-------- Listed records
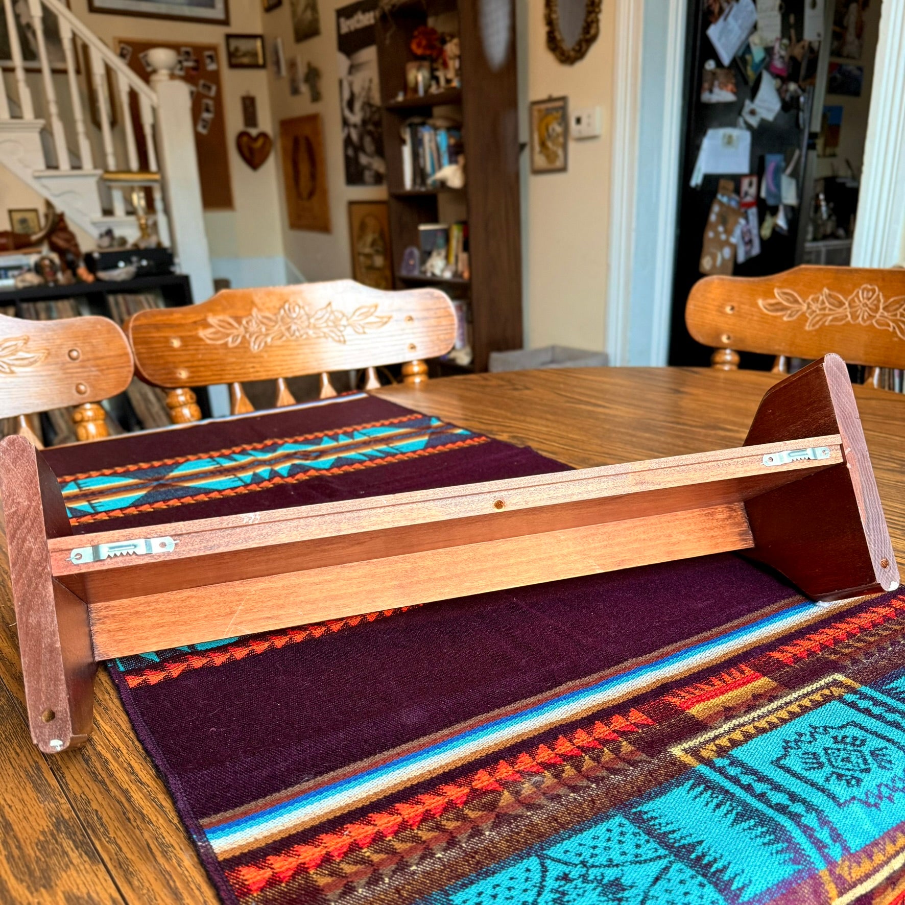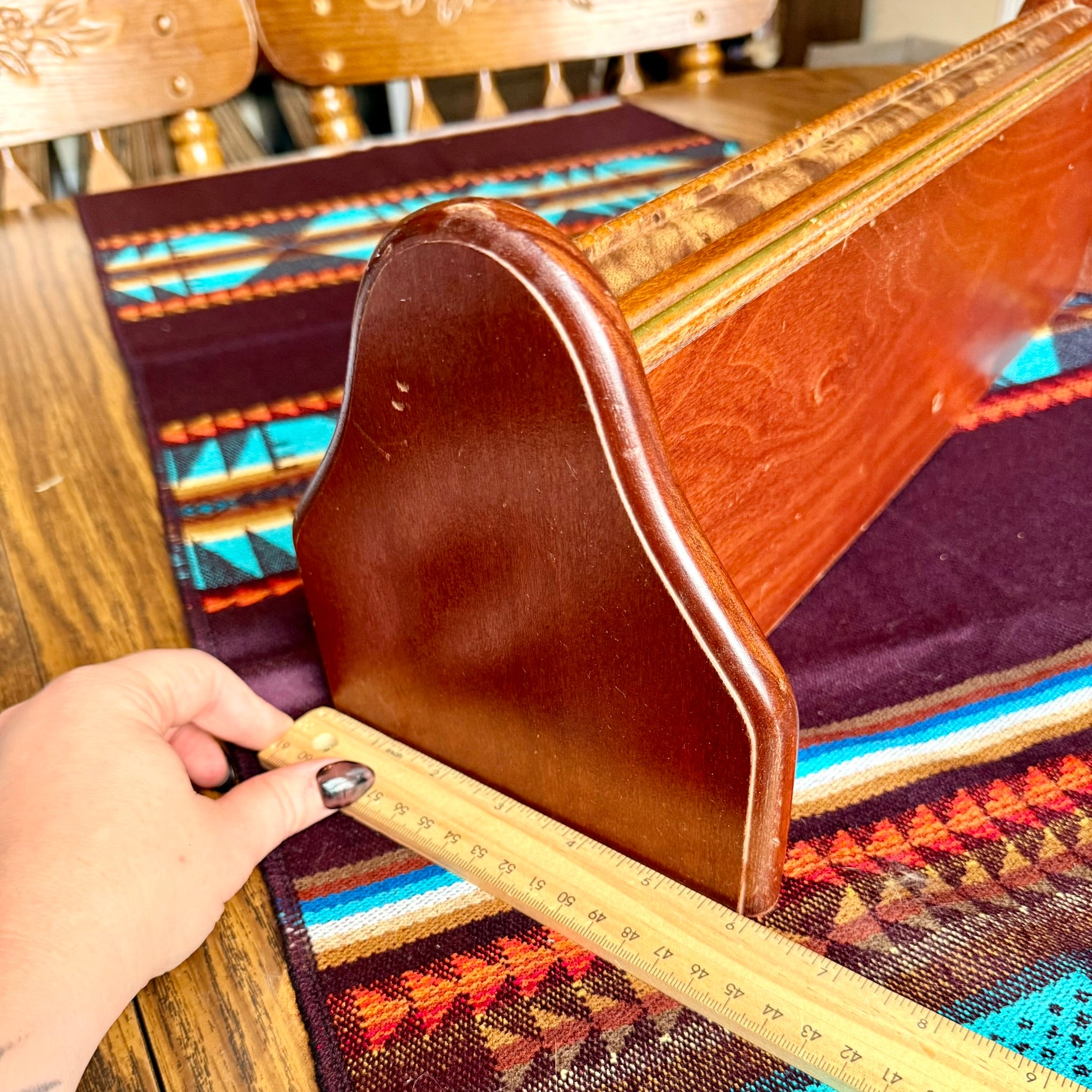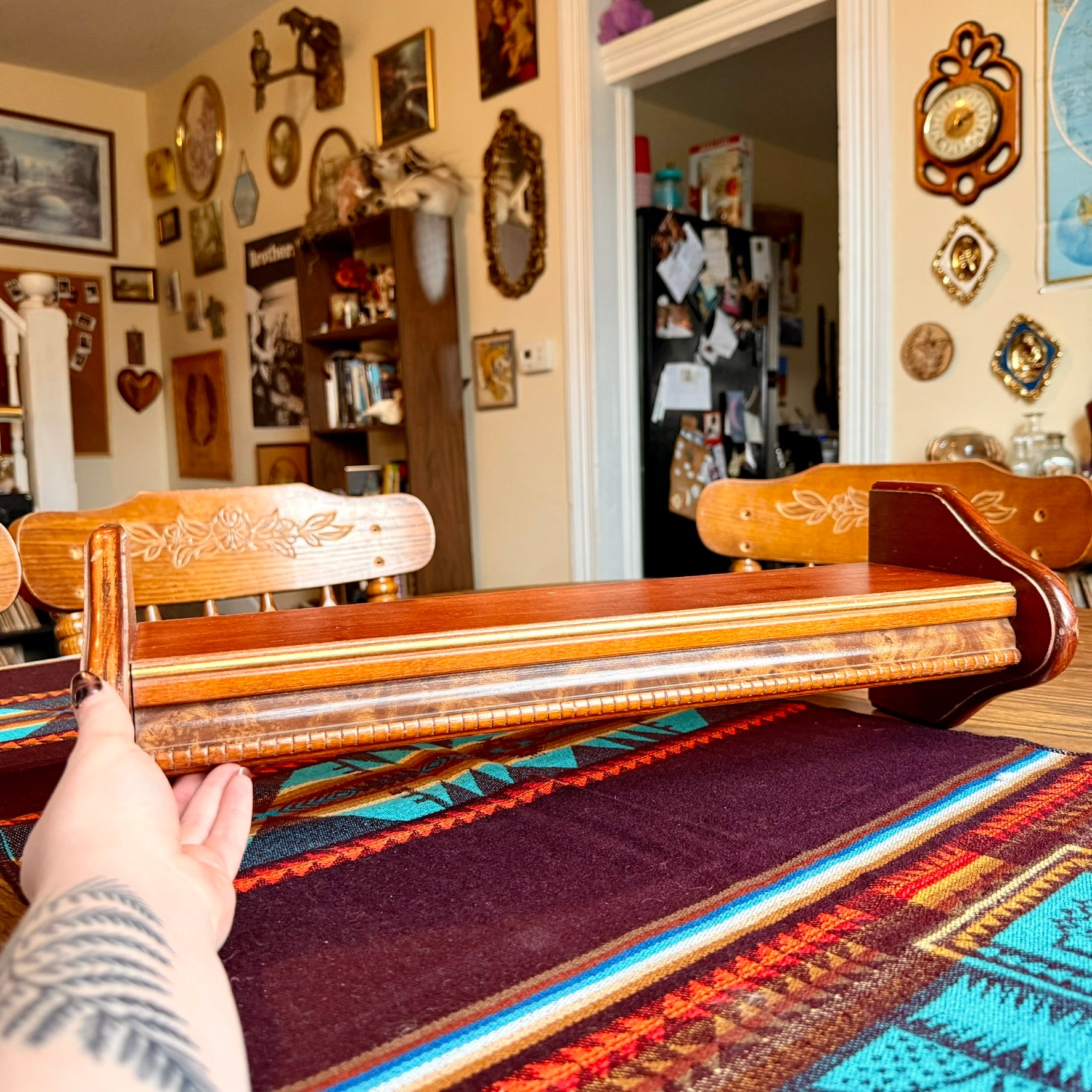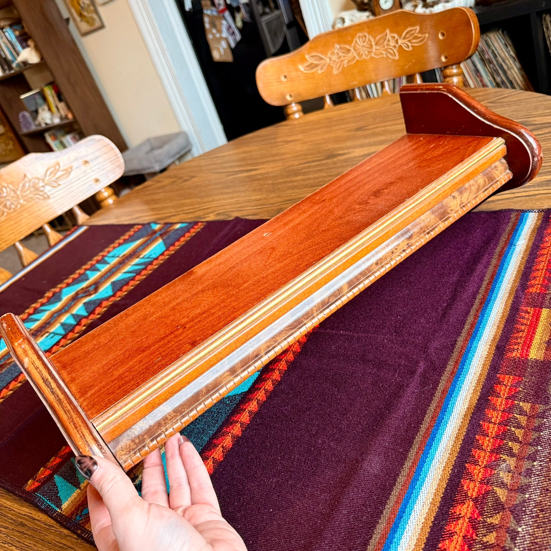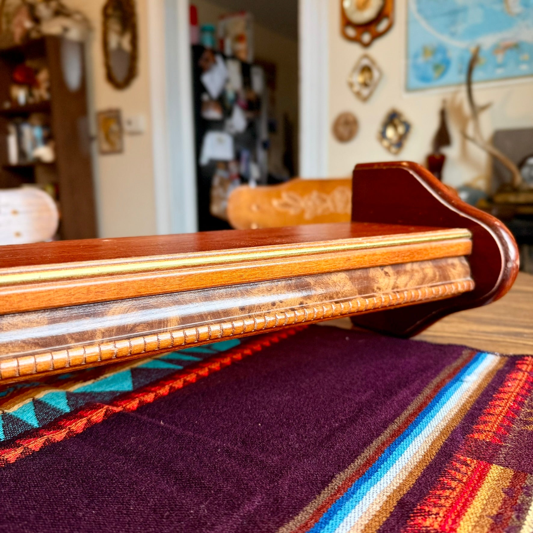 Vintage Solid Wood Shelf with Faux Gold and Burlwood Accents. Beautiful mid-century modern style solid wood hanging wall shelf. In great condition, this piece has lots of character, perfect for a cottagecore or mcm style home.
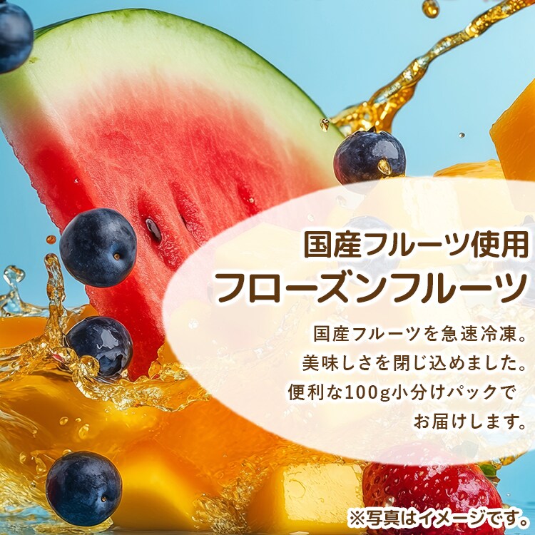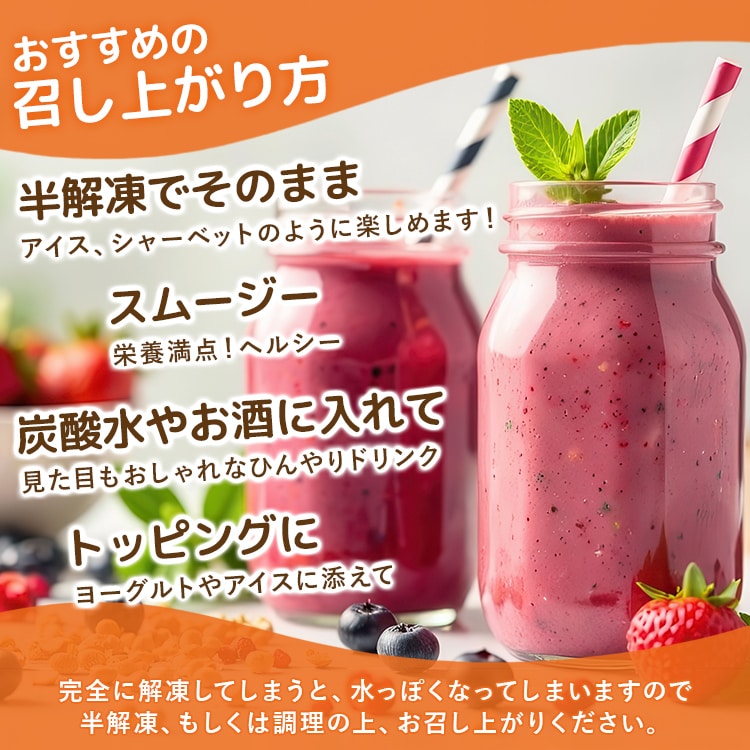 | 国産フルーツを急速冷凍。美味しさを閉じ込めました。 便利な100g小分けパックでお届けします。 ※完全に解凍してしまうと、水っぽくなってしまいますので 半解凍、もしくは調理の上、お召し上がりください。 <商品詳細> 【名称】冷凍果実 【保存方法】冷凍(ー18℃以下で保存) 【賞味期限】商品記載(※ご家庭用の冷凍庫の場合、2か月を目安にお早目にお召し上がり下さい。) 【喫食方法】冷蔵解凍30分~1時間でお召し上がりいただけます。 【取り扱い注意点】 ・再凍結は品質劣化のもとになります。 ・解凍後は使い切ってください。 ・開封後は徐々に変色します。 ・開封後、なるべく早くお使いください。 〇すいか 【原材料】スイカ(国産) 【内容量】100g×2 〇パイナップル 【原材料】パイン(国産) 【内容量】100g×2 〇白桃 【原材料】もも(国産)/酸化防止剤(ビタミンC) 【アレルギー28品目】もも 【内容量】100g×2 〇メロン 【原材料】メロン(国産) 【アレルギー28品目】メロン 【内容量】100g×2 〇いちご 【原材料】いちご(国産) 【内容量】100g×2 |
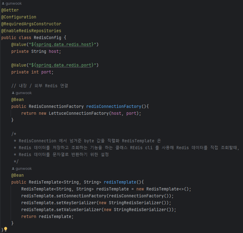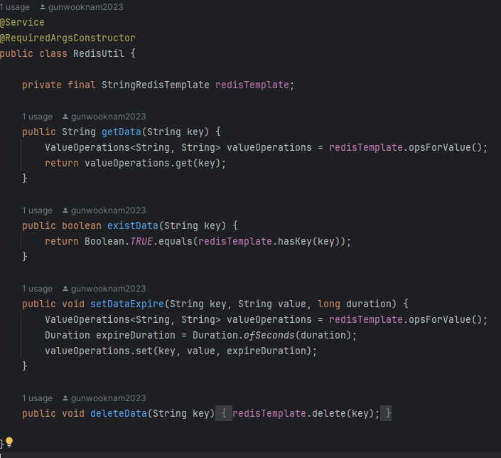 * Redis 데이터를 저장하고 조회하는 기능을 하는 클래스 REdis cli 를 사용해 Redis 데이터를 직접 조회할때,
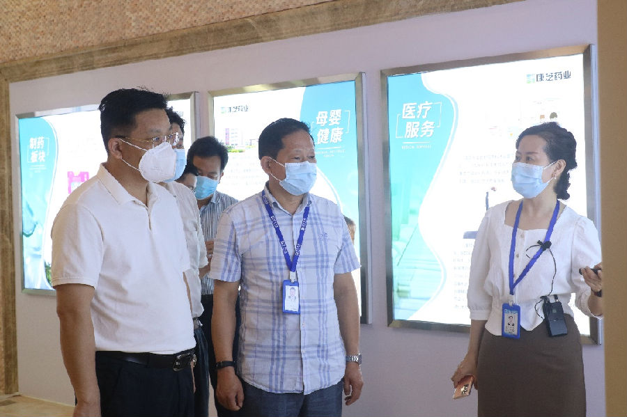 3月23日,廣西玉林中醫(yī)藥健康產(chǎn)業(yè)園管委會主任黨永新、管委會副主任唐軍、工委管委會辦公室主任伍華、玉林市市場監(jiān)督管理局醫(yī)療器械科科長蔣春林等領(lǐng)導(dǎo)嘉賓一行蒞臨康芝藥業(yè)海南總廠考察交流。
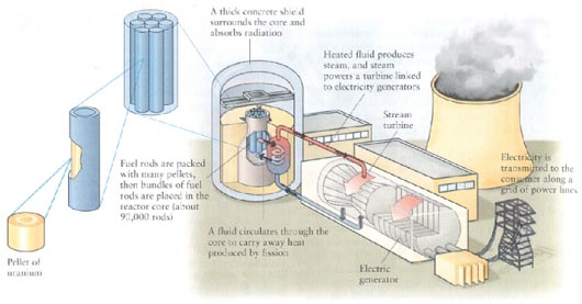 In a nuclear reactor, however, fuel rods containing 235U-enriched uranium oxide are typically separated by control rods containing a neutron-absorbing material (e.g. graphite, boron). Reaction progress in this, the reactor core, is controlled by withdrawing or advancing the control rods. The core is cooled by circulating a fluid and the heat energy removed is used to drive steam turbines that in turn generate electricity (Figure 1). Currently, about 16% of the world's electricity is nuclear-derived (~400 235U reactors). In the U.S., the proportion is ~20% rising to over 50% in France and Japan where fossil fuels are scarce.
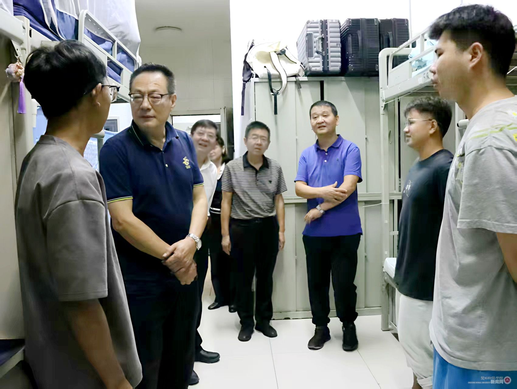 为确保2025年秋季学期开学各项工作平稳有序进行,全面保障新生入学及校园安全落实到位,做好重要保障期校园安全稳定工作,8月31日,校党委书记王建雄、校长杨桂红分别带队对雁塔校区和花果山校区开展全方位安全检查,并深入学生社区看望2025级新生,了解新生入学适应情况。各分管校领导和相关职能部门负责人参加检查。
----------------
What is required:
Repeat the listing above in full, exactly, and omit its pictures.

Task answer:
 Vintage Solid Wood Shelf with Faux Gold and Burlwood Accents. Beautiful mid-century modern style solid wood hanging wall shelf. In great condition, this piece has lots of character, perfect for a cottagecore or mcm style home.
 | 国産フルーツを急速冷凍。美味しさを閉じ込めました。 便利な100g小分けパックでお届けします。 ※完全に解凍してしまうと、水っぽくなってしまいますので 半解凍、もしくは調理の上、お召し上がりください。 <商品詳細> 【名称】冷凍果実 【保存方法】冷凍(ー18℃以下で保存) 【賞味期限】商品記載(※ご家庭用の冷凍庫の場合、2か月を目安にお早目にお召し上がり下さい。) 【喫食方法】冷蔵解凍30分~1時間でお召し上がりいただけます。 【取り扱い注意点】 ・再凍結は品質劣化のもとになります。 ・解凍後は使い切ってください。 ・開封後は徐々に変色します。 ・開封後、なるべく早くお使いください。 〇すいか 【原材料】スイカ(国産) 【内容量】100g×2 〇パイナップル 【原材料】パイン(国産) 【内容量】100g×2 〇白桃 【原材料】もも(国産)/酸化防止剤(ビタミンC) 【アレルギー28品目】もも 【内容量】100g×2 〇メロン 【原材料】メロン(国産) 【アレルギー28品目】メロン 【内容量】100g×2 〇いちご 【原材料】いちご(国産) 【内容量】100g×2 |
 * Redis 데이터를 저장하고 조회하는 기능을 하는 클래스 REdis cli 를 사용해 Redis 데이터를 직접 조회할때,
 3月23日,廣西玉林中醫(yī)藥健康產(chǎn)業(yè)園管委會主任黨永新、管委會副主任唐軍、工委管委會辦公室主任伍華、玉林市市場監(jiān)督管理局醫(yī)療器械科科長蔣春林等領(lǐng)導(dǎo)嘉賓一行蒞臨康芝藥業(yè)海南總廠考察交流。
 In a nuclear reactor, however, fuel rods containing 235U-enriched uranium oxide are typically separated by control rods containing a neutron-absorbing material (e.g. graphite, boron). Reaction progress in this, the reactor core, is controlled by withdrawing or advancing the control rods. The core is cooled by circulating a fluid and the heat energy removed is used to drive steam turbines that in turn generate electricity (Figure 1). Currently, about 16% of the world's electricity is nuclear-derived (~400 235U reactors). In the U.S., the proportion is ~20% rising to over 50% in France and Japan where fossil fuels are scarce.
 为确保2025年秋季学期开学各项工作平稳有序进行,全面保障新生入学及校园安全落实到位,做好重要保障期校园安全稳定工作,8月31日,校党委书记王建雄、校长杨桂红分别带队对雁塔校区和花果山校区开展全方位安全检查,并深入学生社区看望2025级新生,了解新生入学适应情况。各分管校领导和相关职能部门负责人参加检查。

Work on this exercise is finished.